** EXERCISE DIRECTIONS **
Each line of the material should be set down exactly. Pictures are not part of the copy.

** INFORMATION GIVEN **
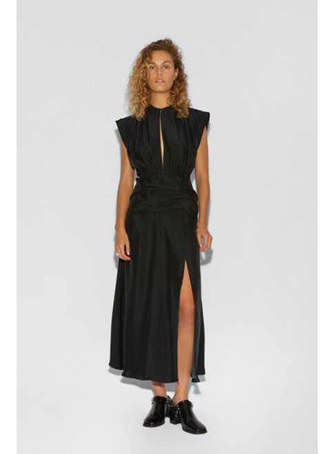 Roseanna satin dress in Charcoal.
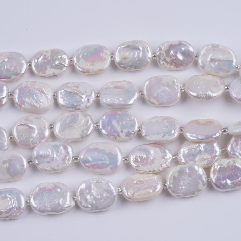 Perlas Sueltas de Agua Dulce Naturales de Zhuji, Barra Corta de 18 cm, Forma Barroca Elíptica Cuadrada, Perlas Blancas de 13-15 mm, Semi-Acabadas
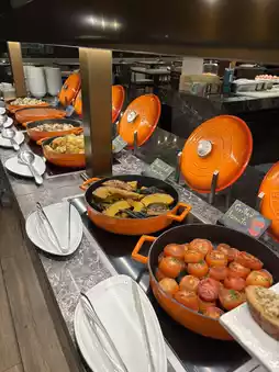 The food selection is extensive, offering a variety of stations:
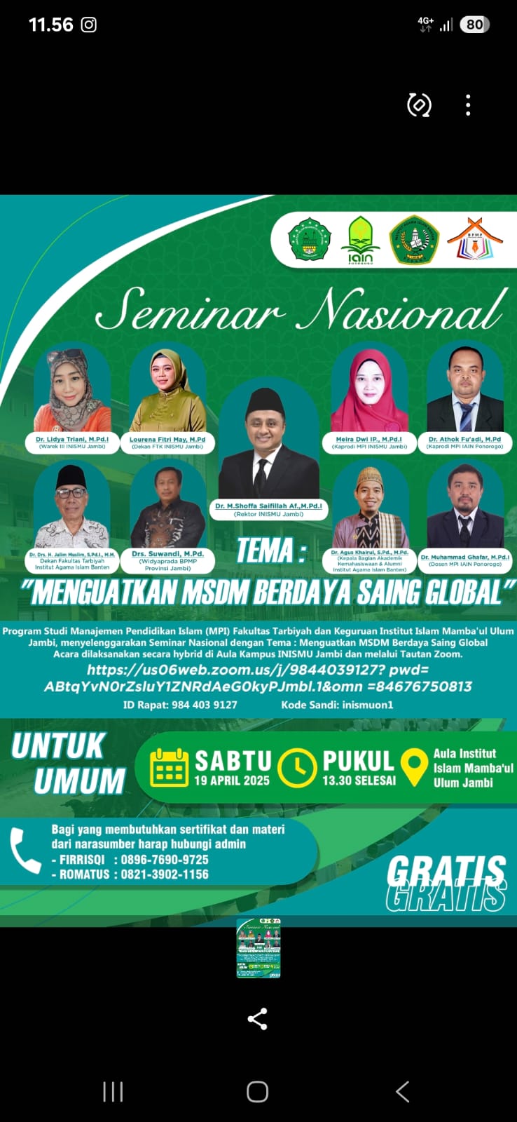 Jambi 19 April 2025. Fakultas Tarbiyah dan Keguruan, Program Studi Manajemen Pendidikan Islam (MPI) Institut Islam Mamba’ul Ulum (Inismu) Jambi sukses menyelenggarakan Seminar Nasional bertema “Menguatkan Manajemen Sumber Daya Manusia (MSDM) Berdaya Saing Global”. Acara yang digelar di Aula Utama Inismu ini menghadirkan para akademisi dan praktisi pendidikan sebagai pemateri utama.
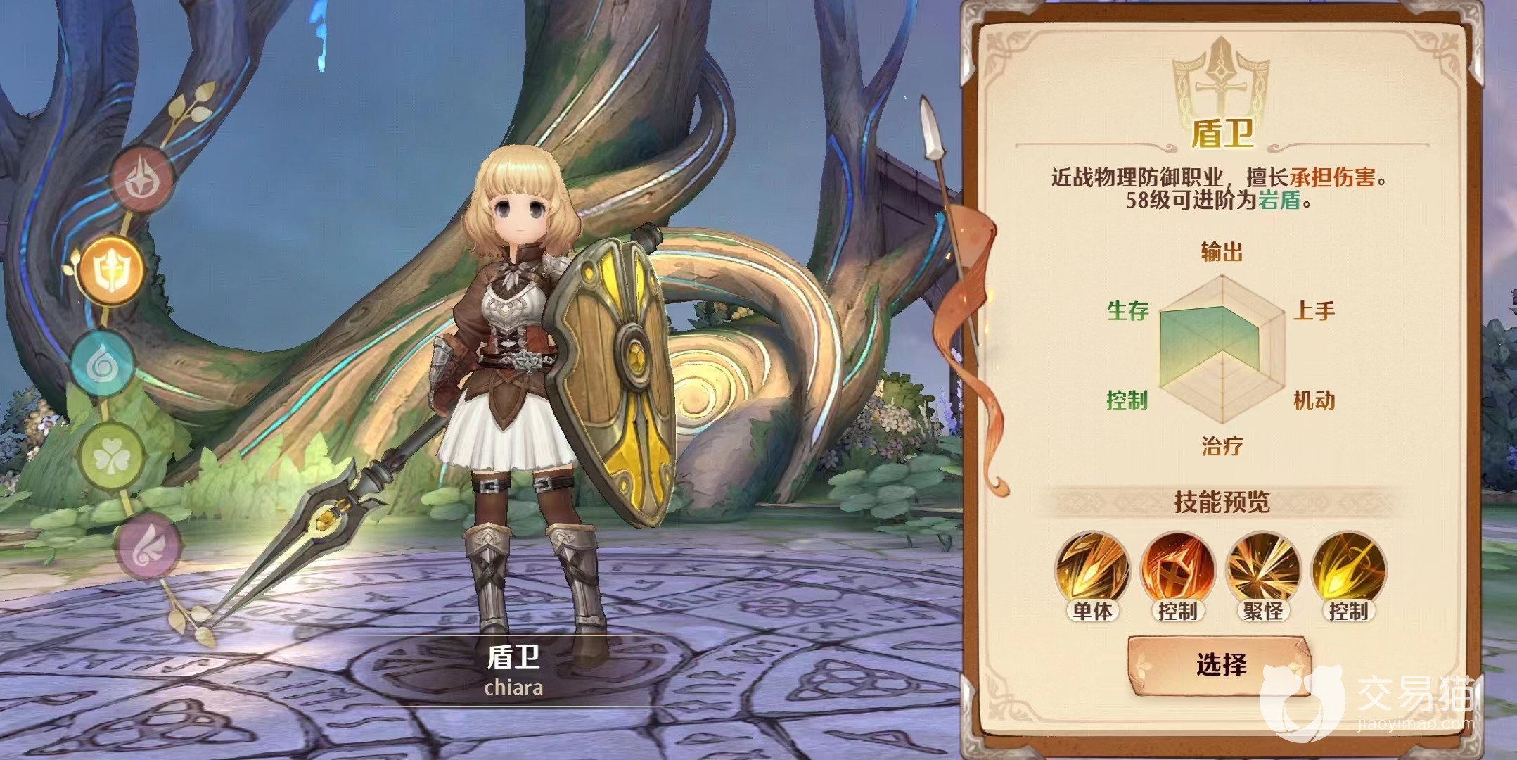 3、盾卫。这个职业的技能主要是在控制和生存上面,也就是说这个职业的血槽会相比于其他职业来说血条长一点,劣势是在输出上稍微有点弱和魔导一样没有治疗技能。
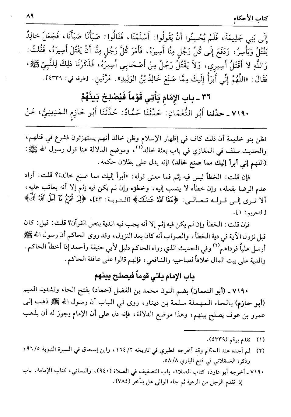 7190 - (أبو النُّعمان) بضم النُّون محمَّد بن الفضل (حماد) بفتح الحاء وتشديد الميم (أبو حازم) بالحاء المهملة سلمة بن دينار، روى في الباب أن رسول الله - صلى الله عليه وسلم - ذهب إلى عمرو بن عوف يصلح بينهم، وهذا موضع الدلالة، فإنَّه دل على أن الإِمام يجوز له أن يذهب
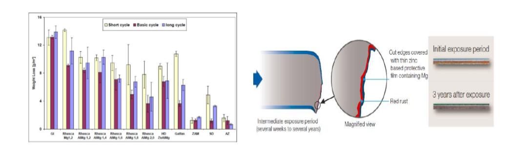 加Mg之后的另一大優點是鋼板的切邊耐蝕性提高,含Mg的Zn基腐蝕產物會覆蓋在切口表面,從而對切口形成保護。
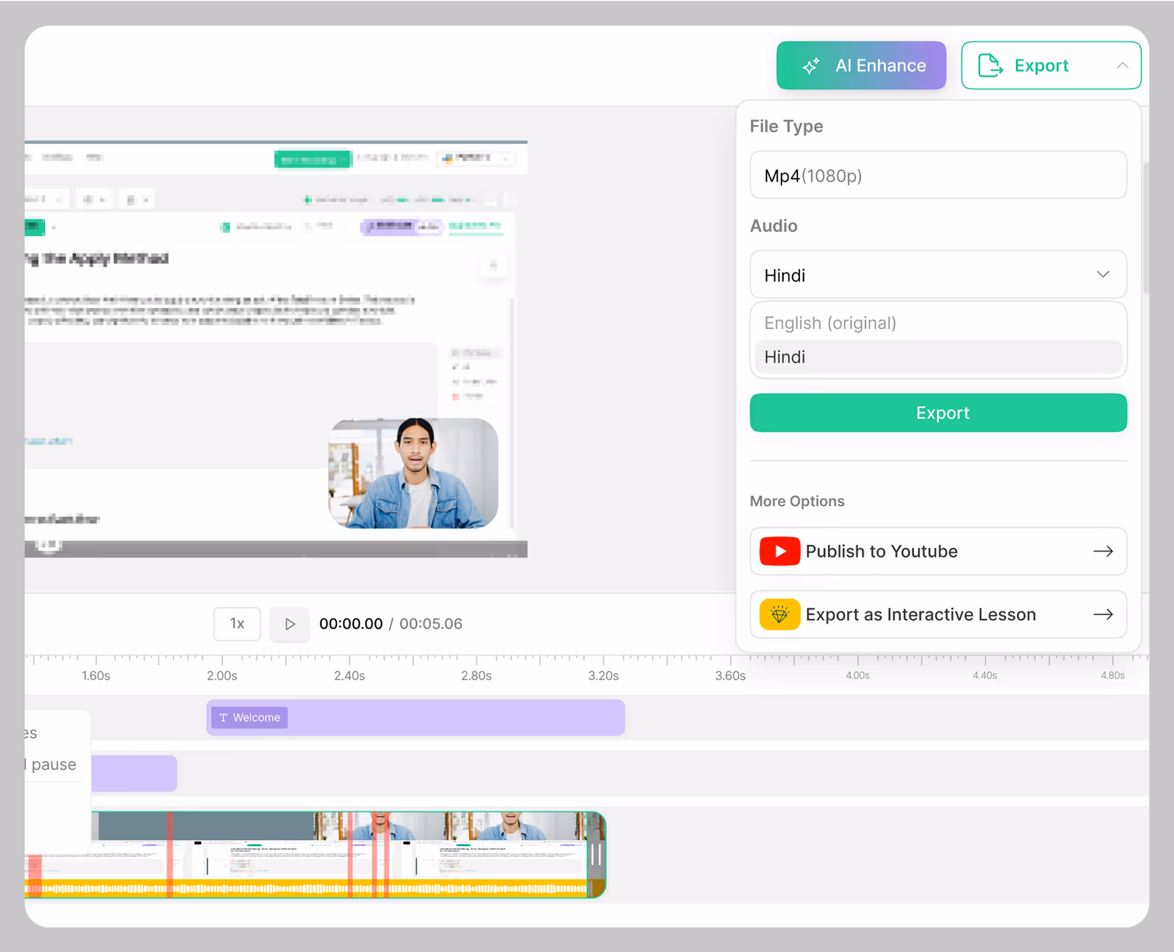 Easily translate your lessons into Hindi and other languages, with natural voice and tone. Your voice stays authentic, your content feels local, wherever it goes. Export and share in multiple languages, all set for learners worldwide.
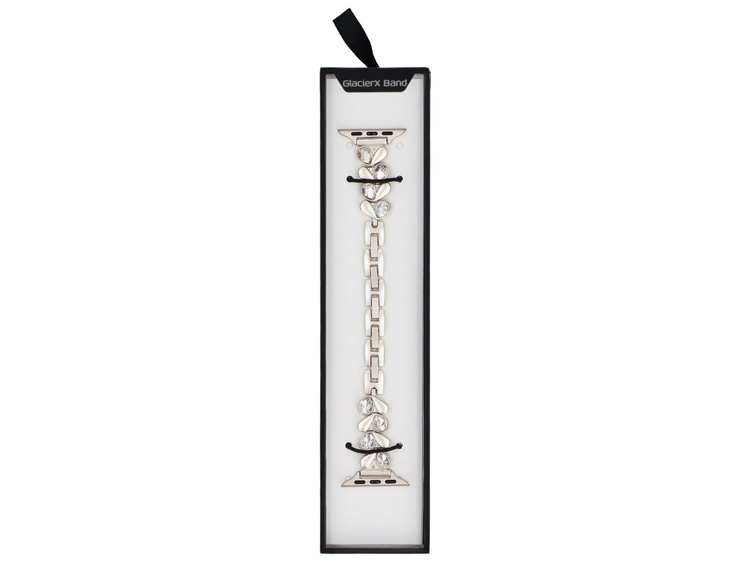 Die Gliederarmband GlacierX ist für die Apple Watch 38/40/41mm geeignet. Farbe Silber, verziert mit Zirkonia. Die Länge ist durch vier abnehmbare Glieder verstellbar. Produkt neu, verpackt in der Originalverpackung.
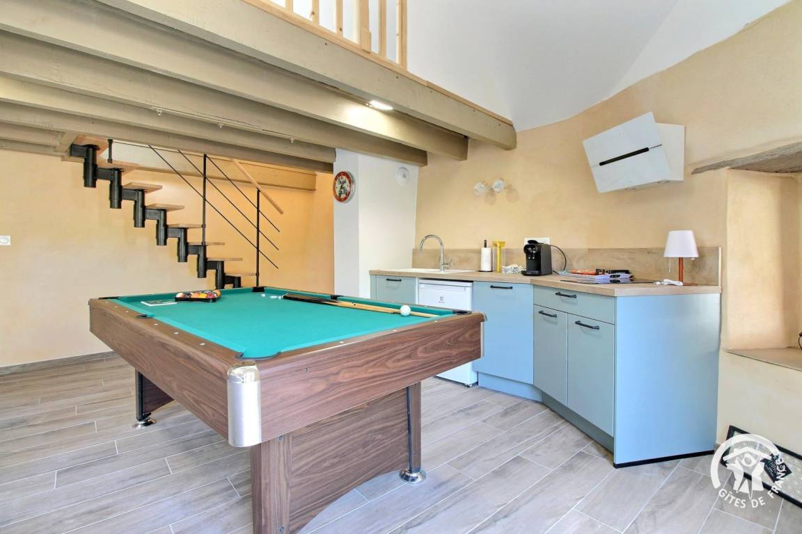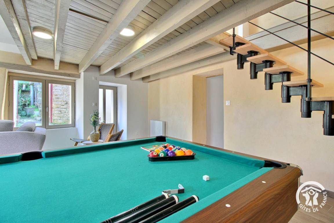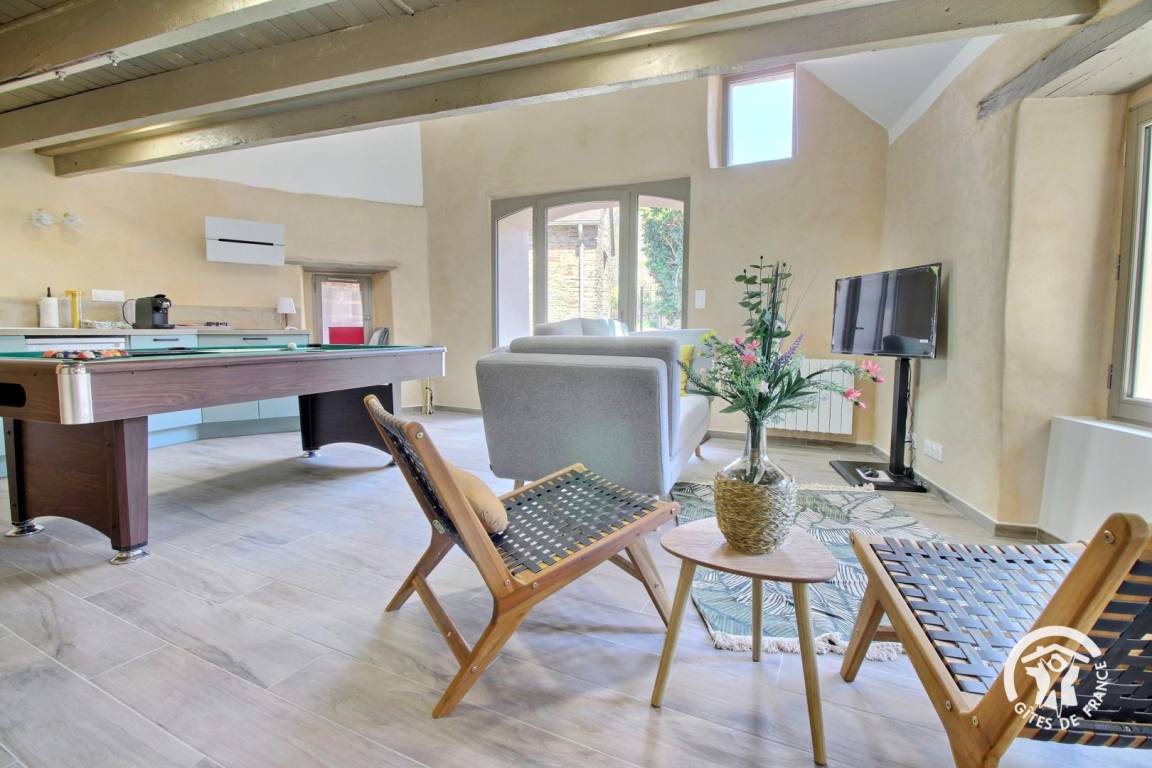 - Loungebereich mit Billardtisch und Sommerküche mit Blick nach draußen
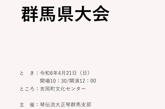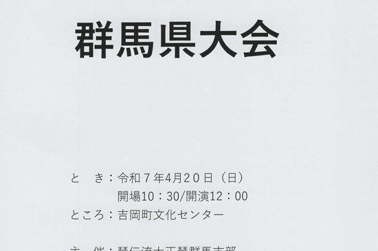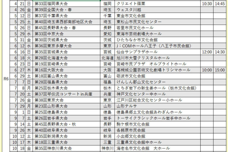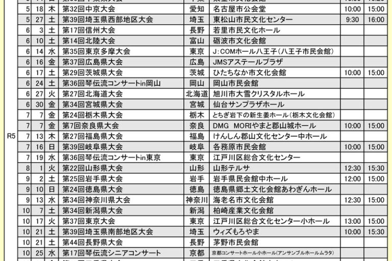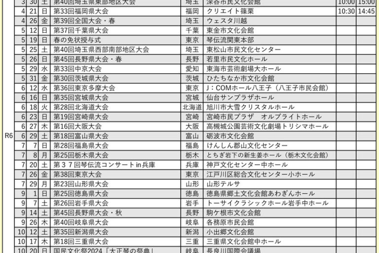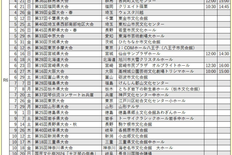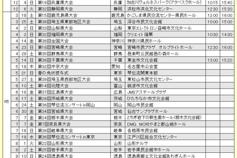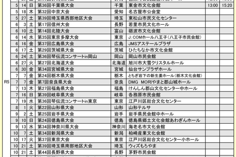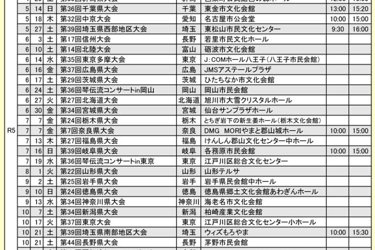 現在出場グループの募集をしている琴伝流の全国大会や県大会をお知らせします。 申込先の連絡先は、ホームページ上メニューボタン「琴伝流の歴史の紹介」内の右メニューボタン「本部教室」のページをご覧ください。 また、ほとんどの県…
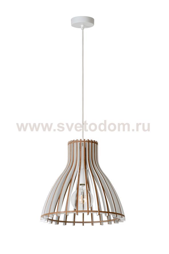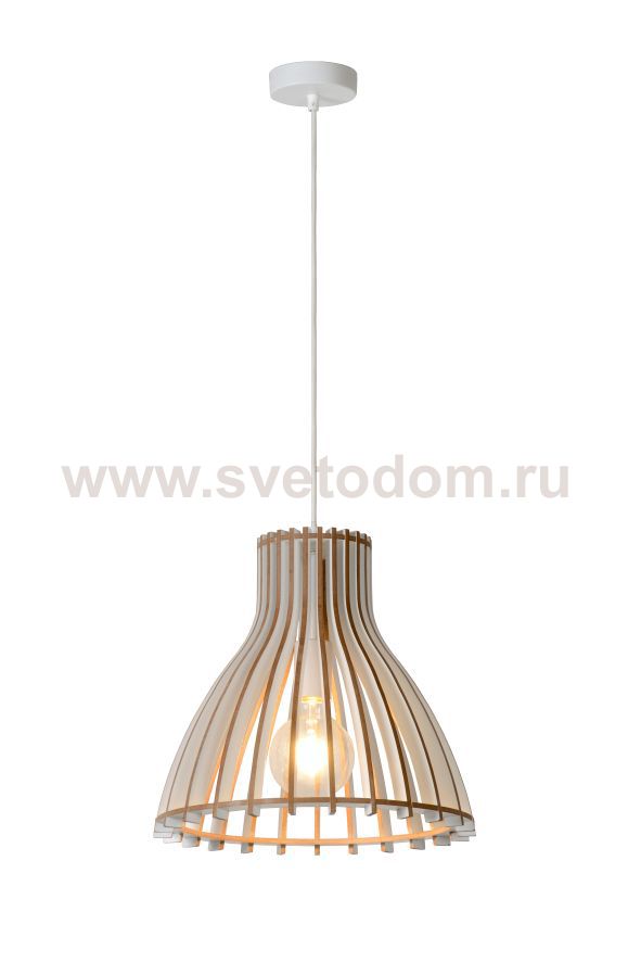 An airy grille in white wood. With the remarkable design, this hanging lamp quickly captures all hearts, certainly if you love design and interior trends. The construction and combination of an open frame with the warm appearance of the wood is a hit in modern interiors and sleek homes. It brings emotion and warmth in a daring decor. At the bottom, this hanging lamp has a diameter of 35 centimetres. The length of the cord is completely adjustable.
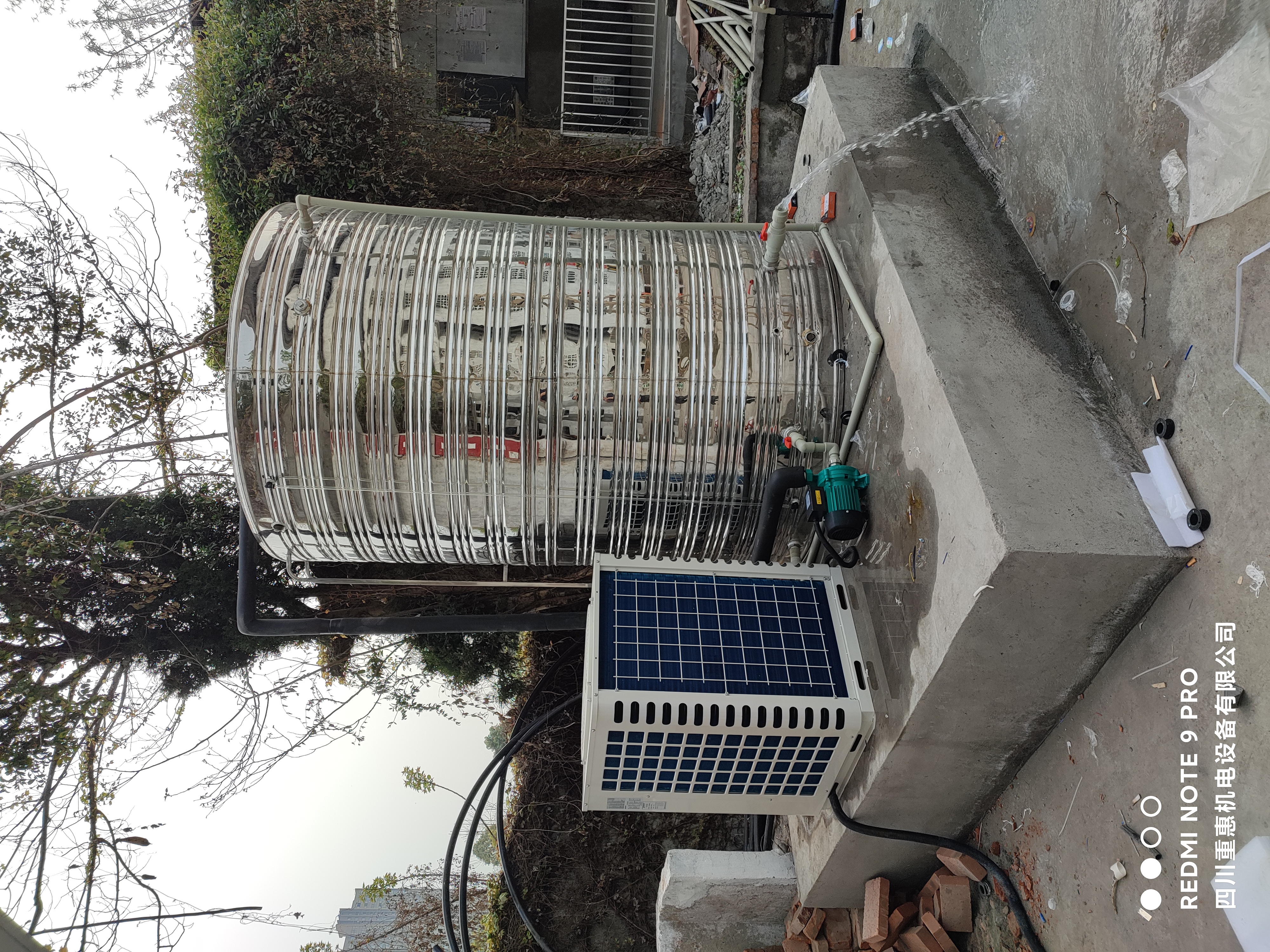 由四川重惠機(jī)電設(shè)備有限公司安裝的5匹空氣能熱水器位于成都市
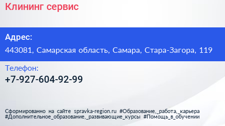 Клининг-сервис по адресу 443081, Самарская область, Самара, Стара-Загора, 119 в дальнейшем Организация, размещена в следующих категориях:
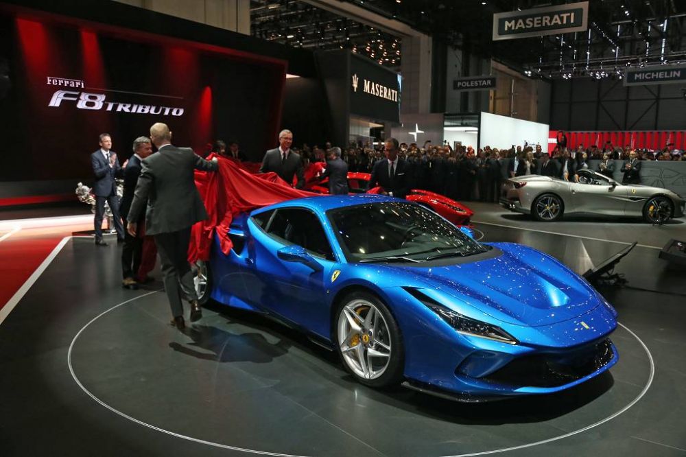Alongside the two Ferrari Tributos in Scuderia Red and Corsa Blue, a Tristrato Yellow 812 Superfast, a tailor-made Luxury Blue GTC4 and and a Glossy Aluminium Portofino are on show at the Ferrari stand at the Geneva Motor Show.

** RESPONSE AREA **
 Roseanna satin dress in Charcoal.
 Perlas Sueltas de Agua Dulce Naturales de Zhuji, Barra Corta de 18 cm, Forma Barroca Elíptica Cuadrada, Perlas Blancas de 13-15 mm, Semi-Acabadas
 The food selection is extensive, offering a variety of stations:
 Jambi 19 April 2025. Fakultas Tarbiyah dan Keguruan, Program Studi Manajemen Pendidikan Islam (MPI) Institut Islam Mamba’ul Ulum (Inismu) Jambi sukses menyelenggarakan Seminar Nasional bertema “Menguatkan Manajemen Sumber Daya Manusia (MSDM) Berdaya Saing Global”. Acara yang digelar di Aula Utama Inismu ini menghadirkan para akademisi dan praktisi pendidikan sebagai pemateri utama.
 3、盾卫。这个职业的技能主要是在控制和生存上面,也就是说这个职业的血槽会相比于其他职业来说血条长一点,劣势是在输出上稍微有点弱和魔导一样没有治疗技能。
 7190 - (أبو النُّعمان) بضم النُّون محمَّد بن الفضل (حماد) بفتح الحاء وتشديد الميم (أبو حازم) بالحاء المهملة سلمة بن دينار، روى في الباب أن رسول الله - صلى الله عليه وسلم - ذهب إلى عمرو بن عوف يصلح بينهم، وهذا موضع الدلالة، فإنَّه دل على أن الإِمام يجوز له أن يذهب
 加Mg之后的另一大優點是鋼板的切邊耐蝕性提高,含Mg的Zn基腐蝕產物會覆蓋在切口表面,從而對切口形成保護。
 Easily translate your lessons into Hindi and other languages, with natural voice and tone. Your voice stays authentic, your content feels local, wherever it goes. Export and share in multiple languages, all set for learners worldwide.
 Die Gliederarmband GlacierX ist für die Apple Watch 38/40/41mm geeignet. Farbe Silber, verziert mit Zirkonia. Die Länge ist durch vier abnehmbare Glieder verstellbar. Produkt neu, verpackt in der Originalverpackung.
 - Loungebereich mit Billardtisch und Sommerküche mit Blick nach draußen
 現在出場グループの募集をしている琴伝流の全国大会や県大会をお知らせします。 申込先の連絡先は、ホームページ上メニューボタン「琴伝流の歴史の紹介」内の右メニューボタン「本部教室」のページをご覧ください。 また、ほとんどの県…
 An airy grille in white wood. With the remarkable design, this hanging lamp quickly captures all hearts, certainly if you love design and interior trends. The construction and combination of an open frame with the warm appearance of the wood is a hit in modern interiors and sleek homes. It brings emotion and warmth in a daring decor. At the bottom, this hanging lamp has a diameter of 35 centimetres. The length of the cord is completely adjustable.
 由四川重惠機(jī)電設(shè)備有限公司安裝的5匹空氣能熱水器位于成都市
 Клининг-сервис по адресу 443081, Самарская область, Самара, Стара-Загора, 119 в дальнейшем Организация, размещена в следующих категориях:
Alongside the two Ferrari Tributos in Scuderia Red and Corsa Blue, a Tristrato Yellow 812 Superfast, a tailor-made Luxury Blue GTC4 and and a Glossy Aluminium Portofino are on show at the Ferrari stand at the Geneva Motor Show.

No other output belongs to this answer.